Top of THE RECORDS

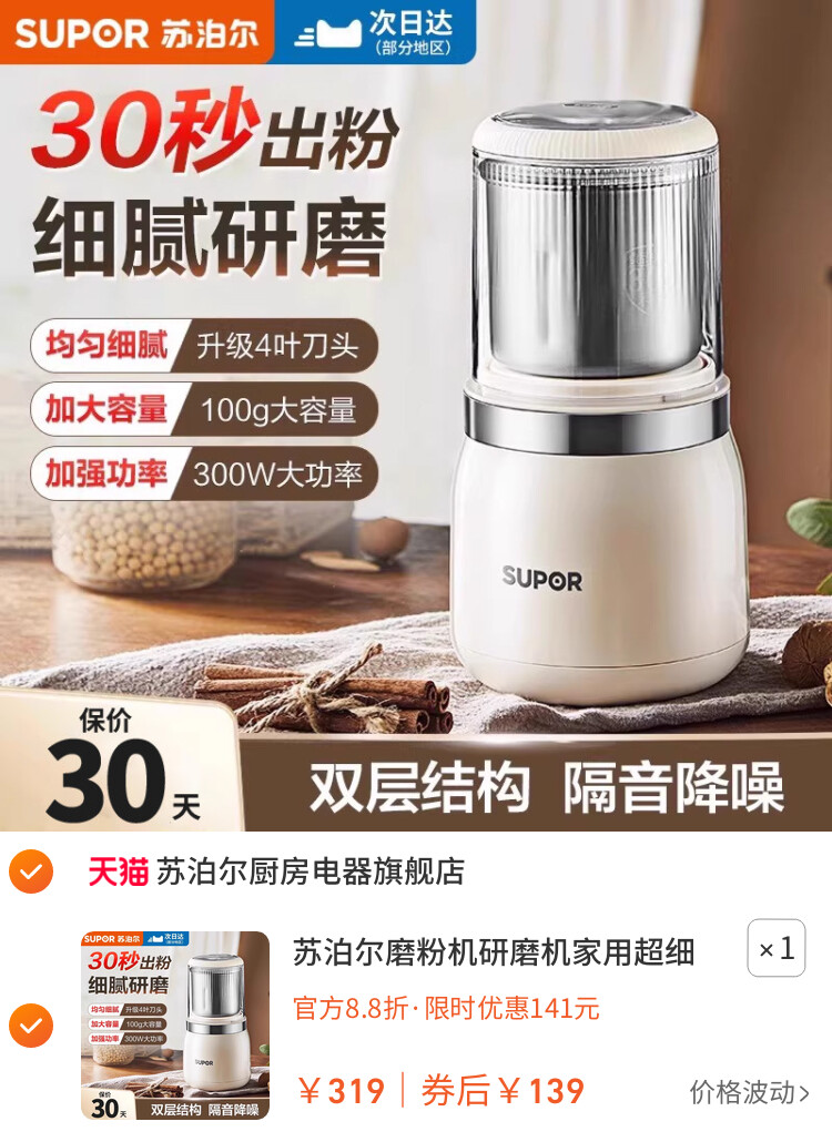 苏泊尔磨粉机研磨机家用超细打粉机小型多功能干磨五谷杂粮粉碎机
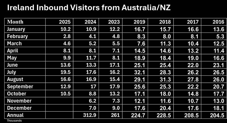 - Visitors from Australia and New Zealand were up 9.3pc on last year and down 38.8pc on pre-pandemic, rolling annual was 121.900, down 6.2pc on the 12 months to October 2024.
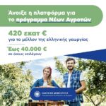 Άνοιξε, σήμερα 12 Νοεμβρίου, η πλατφόρμα για το πρόγραμμα για το πρόγραμμα Νέων Αγροτών
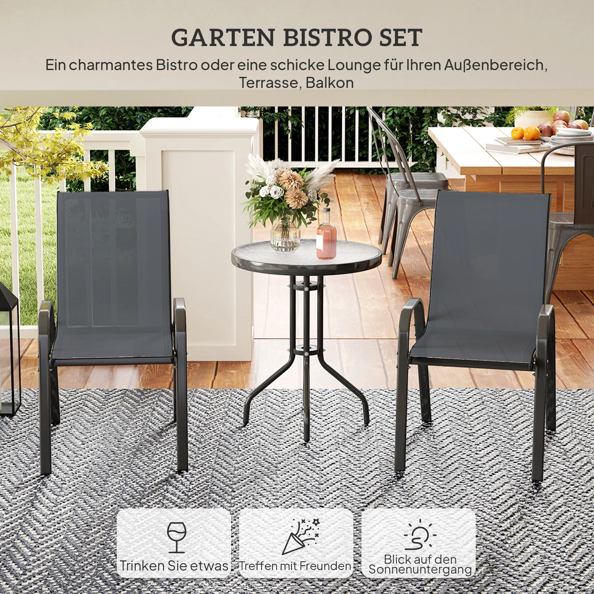 Verrijk je balkon of terras met de [BRAND NAME] balkonmeubelset – een charmante toevoeging aan compacte buitenruimtes. Deze set bestaat uit twee stapelbare stoelen en een ronde glazen tafel. Met stevige stalen frames, ademende mesh-zittingen, hoge rugleuningen en gebogen armleuningen is deze set ideaal voor gezellige gesprekken, ontspanning en genieten van de zonsondergang.
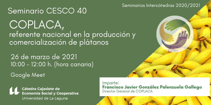 El seminario versará sobre el proceso de expansión y crecimiento de COPLACA, la mayor cooperativa agraria de segundo grado de Canarias, y líder en producción y comercialización de plátanos. Se analizará su estructura productiva, organización empresarial, distribución de los socios, así como las fases de internacionalización. Teniendo al mercado peninsular como referente hacia donde se dirigen la mayor parte de la producción. Conoceremos las estrategias y respuesta de la cooperativa antes los diferentes ciclos económicos, desde la crisis financiera de 2008-2024 hasta la actual crisis sanitaria derivada de la expansión del COVID-19.

Bottom of THE RECORDS

Reproduce the material exactly. Pictures stay out.

**ANSWER SECTION**:
 苏泊尔磨粉机研磨机家用超细打粉机小型多功能干磨五谷杂粮粉碎机
 - Visitors from Australia and New Zealand were up 9.3pc on last year and down 38.8pc on pre-pandemic, rolling annual was 121.900, down 6.2pc on the 12 months to October 2024.
 Άνοιξε, σήμερα 12 Νοεμβρίου, η πλατφόρμα για το πρόγραμμα για το πρόγραμμα Νέων Αγροτών
 Verrijk je balkon of terras met de [BRAND NAME] balkonmeubelset – een charmante toevoeging aan compacte buitenruimtes. Deze set bestaat uit twee stapelbare stoelen en een ronde glazen tafel. Met stevige stalen frames, ademende mesh-zittingen, hoge rugleuningen en gebogen armleuningen is deze set ideaal voor gezellige gesprekken, ontspanning en genieten van de zonsondergang.
 El seminario versará sobre el proceso de expansión y crecimiento de COPLACA, la mayor cooperativa agraria de segundo grado de Canarias, y líder en producción y comercialización de plátanos. Se analizará su estructura productiva, organización empresarial, distribución de los socios, así como las fases de internacionalización. Teniendo al mercado peninsular como referente hacia donde se dirigen la mayor parte de la producción. Conoceremos las estrategias y respuesta de la cooperativa antes los diferentes ciclos económicos, desde la crisis financiera de 2008-2024 hasta la actual crisis sanitaria derivada de la expansión del COVID-19.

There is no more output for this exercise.